Table of Contents



Introduction

Similar to Python lists, we can can also use access NumPy subarrays with the slice notation with the aid of the colon (:) character. The NumPy slicing syntax follows that of the standard Python list.

We begin this section by first importing the NumPy package and creating 3 random arrays using the numpy.random.choice function and seeding the PRNG so that results are reproducible by the reader.

Example

A 1-D random array.

1import numpy as np
2R = np.random.RandomState(32) #set a random seed
3a1 = R.choice(10, size=10, replace=False)
4print(a1)
[9 1 2 8 3 0 4 6 5 7]

Example

A 2-D random array.

1a2 = R.choice(3*4, size=(3,4), replace=False)
2print(a2)
[[ 8 10  0  2]
 [ 6  7  1 11]
 [ 4  9  5  3]]

Example

A 3-D random array.

1a3 = R.choice(3*4*5, size=(3,4,5), replace=False)
2print(a3)
[[[21  8  7 25  1]
  [53 31 23 44 12]
  [ 3 54 37 51 42]
  [45 14 22 27 34]]

 [[28 57 52 40 17]
  [32  9  2 59 39]
  [33 15 46 43 24]
  [35 58 19 16 41]]

 [[ 4 30  6 49  0]
  [48 47 29 26 56]
  [11 13 38  5 55]
  [36 50 20 10 18]]]

The above random arrays are the same as those used in the previous section on Array Indexing.

Slicing of 1-D Arrays

The NumPy array slicing syntax follows that of the standard Python list.

Syntax

Slicing a 1-D array.

1array[start=0:stop=size of array:step=1]
Parameter Required?
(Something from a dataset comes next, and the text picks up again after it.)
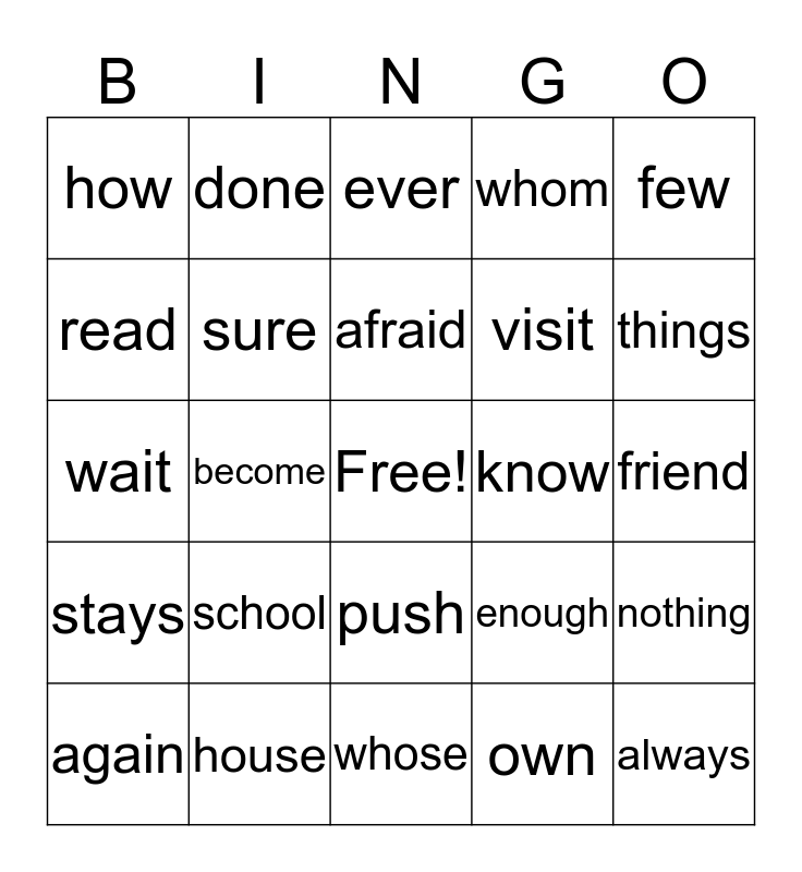 This bingo card has a free space and 24 words: school, house, afraid, again, few, how, read, done, know, push, visit, wait, enough, nothing, sure, own, friend, ever, things, become, always, stays, whom and whose.

Default Value Description
start ❌ No 0 An integer number specifying at which position to start the slicing.
stop ❌ No Size of array. An integer number specifying at which position to end the slicing (output excludes endpoint).
step ❌ No 1 An integer number specifying the step of the slicing.

Python and NumPy both use half-open intervals: the start index is included while the stop index is not.

Example

Printing a 1-D array. The following are all equivalent.

1print(a1[0:a1.size:1])  # 10 is the size
2print(a1[::])
3print(a1[:])
4print(a1)
[9 1 2 8 3 0 4 6 5 7]
[9 1 2 8 3 0 4 6 5 7]
[9 1 2 8 3 0 4 6 5 7]
[9 1 2 8 3 0 4 6 5 7]

We see that the same a1 array is printed whether one colon (:) or two colons (::) are enclosed within the square brackets (with no numbers specified).

Slicing with Positive Indices

The following shows the positive index of each element of the 1-D array a1.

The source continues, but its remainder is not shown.